Guest Column

Let’s Look at the Facts

Your local electric co-op encourages you to learn more about the lower Snake River dams, and welcomes the opportunity to continue this important discussion

By Mark Johnson and Local Chambers of Commerce

Your local electrical cooperative and your chambers of commerce aren’t used to being accused of “irresponsible fear-mongering,” as portrayed in a recent Flathead Beacon guest column. Ouch. The column writer asked readers to look at facts, not fear, when examining salmon and the lower Snake River Dams (LSRD). Your co-op and chambers couldn’t agree more, and we welcome the opportunity to continue this important discussion.

At your member-owned, not-for-profit Co-op, we exist simply to serve our members – not to scare them. That said, sometimes facts are scary. If the LSRD hadn’t been available in January 2021 when the Chief Joseph Dam went down unexpectedly during a long winter storm, we most likely would have experienced a blackout in the Flathead Valley. It is not a scare tactic to point out dangers, and it is the job of utilities to raise an alarm if grid reliability is threatened, particularly for our many members who rely solely on electricity for heat and do not have the luxury of a backup heat source.

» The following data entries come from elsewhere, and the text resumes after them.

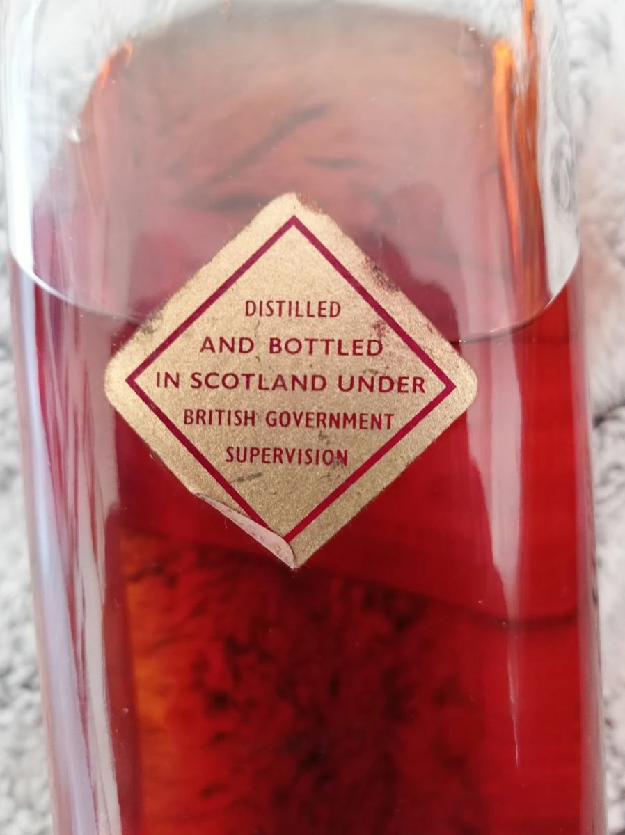 An old bottling of Johnnie Walker Red label which, we estimate, dates from the 1950s – 1960s.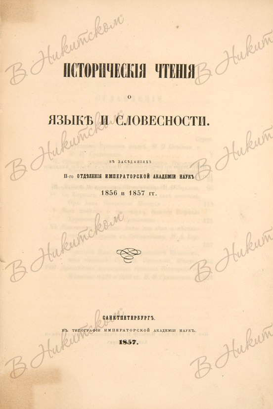 Исторические чтения о языке и словесности в заседаниях II-го Отделения Императорской Академии наук 1856 и 1857 гг. СПб.: В Тип. Имп. Акад. Наук, 1857.
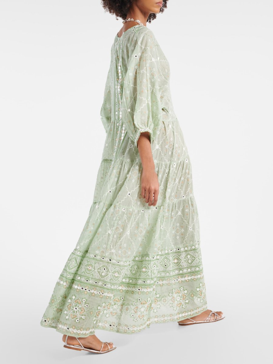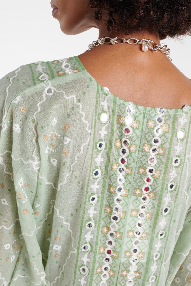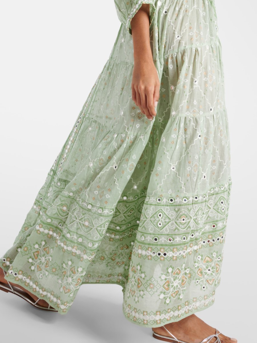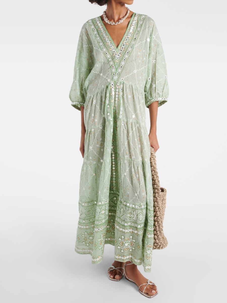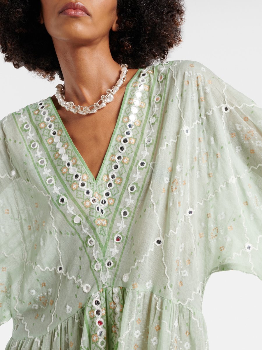 Design: Intricate green embroidery with floral patterns, V-neckline, and puff sleeves.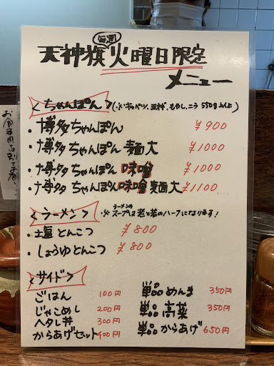 Read more数年前に購入した、関西のラーメンアワードの雑誌でとんこつ部門で1位を受賞しており、一度来てみたかった天神旗さんにようやく行くことができました。 上新庄駅の北口から歩いて3分くらいでしょうか、特に迷わず店に行くことができました。 日曜日の18:30くらいに店に着き、先に並んでいるお客さんが4〜5人。 夜の部は券売機は使用せず後払いなので行列に並んで店員さんに案内されるまで待ちます。20分程度待ち席に案内されました。 (事前の調査不足になるのですが、夜の部は特別なラーメンのみでとんこつラーメンは昼営業のみとのことでした。)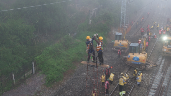 施工期間,接觸網(wǎng)專業(yè)累計(jì)完成基礎(chǔ)施工178處、支柱組立148根、硬橫跨架設(shè)10組、下錨補(bǔ)償裝置安裝22套,架設(shè)承導(dǎo)線11.96條公里、回流線7.1公里,為列車牽引動(dòng)力提供條件;電力專業(yè)完成銅罐驛遠(yuǎn)動(dòng)間與牟家遠(yuǎn)動(dòng)間施工及調(diào)試,并于11月25日成功送電,為通信與信號(hào)專業(yè)提供了調(diào)試及信號(hào)倒替的電力保障;

In turn, it’s the Chamber’s job to safeguard, stimulate, and drive local economic prosperity – which is hard to do without reliable, affordable electricity. With inflation at all-time highs, affordability is crucial for our local businesses and residents that are currently struggling with significant cost increases. As we deal with unprecedented growth in our area, it’s vital to maintain our access to clean, reliable power.

Let’s look at the facts about salmon and the lower Snake River dams:

• Annually, the LSRD produce over 1,000 megawatts of reliable, carbon-free energy, with the capacity to generate over 3,000 megawatts. That’s about 12% (not 4%) of the average energy production of the entire Federal Columbia River Power System (FCRPS). 

• The LSRD have been continuously maintained and upgraded. As a result, they are among the least expensive dams in the FCRPS to operate.

• Rather than being outdated, the LSRD incorporate some of the most advanced fish passage systems in the world. Success rates are about 96%, making salmon passage through the LSRD about the same as fish passage measured on undammed rivers. These passages were developed in consultation with regional salmon experts representing tribal, state, and federal agencies.

• Overall, there is a lack of peer-reviewed scientific evidence to clearly identify the LSRD as the limiting factor for salmon recovery. Nearly all rivers along the entire North Pacific Coast—including undammed rivers —are experiencing similar or worse trends in salmon returns when compared to the Columbia and Snake rivers.

• Recent peer-reviewed research consistently points to warming, acidifying oceans as the major problem for salmon, which spend about 80% of their lives in the ocean. Removing carbon-free generation sources is a step in the wrong direction for salmon. 

• The LSRD are critical to our carbon-free future, producing power even when the wind isn’t blowing, and the sun isn’t shining. The more coal and natural gas units are retired, the more important those dams become. Although battery technology is rapidly advancing, we are simply not there yet, and even when we get there, industry experts predict that it will take a combination of utility-scale batteries and hydropower to keep our grid reliable as we add intermittent renewables like solar and wind power to our grid.

• Currently, the largest planned battery in the Northwest will be able to release 30 megawatts of electricity for four consecutive hours. A battery that size represents an exciting development for our region. However, in comparison, the lower Snake River dams can generate up to 2,650 megawatts over a period of 10 hours per day for 5 consecutive days.

When you know better, do better, the saying goes. We know a lot more about salmon than we did when the dams first went in, and science is allowing us – and more importantly, fish – to do better. The problems once caused by the dams are being remedied, as set forth in the 2020 Columbia River System Operations Environmental Impact Study (CRSO EIS), the federal study that concluded that dam breaching is not in the best interest of our region from a cost, climate, or power reliability perspective – especially given the highly uncertain benefits to salmon. We cannot ignore nor politicize the multi-year, multi-million-dollar study that was developed by scientists, engineers, and hydropower professionals across multiple tribal, state, and federal agencies.

We encourage you to learn more about the lower Snake River dams. Getting accurate answers to questions can be a challenge, especially given the many privately funded, nonscientific studies published by well-meaning groups that fail to fully capture the issues. We’ve gathered peer-reviewed research and more at flatheadelectric.com/helphydro for those interested in learning more. 

Mark Johnson, General Manager, Flathead Electric Cooperative; Lorraine Clarno, President and CEO, Kalispell Chamber of Commerce; Erica Wirtala, Board Chair, Kalispell Chamber of Commerce; Whitefish Chamber of Commerce Board of Directors.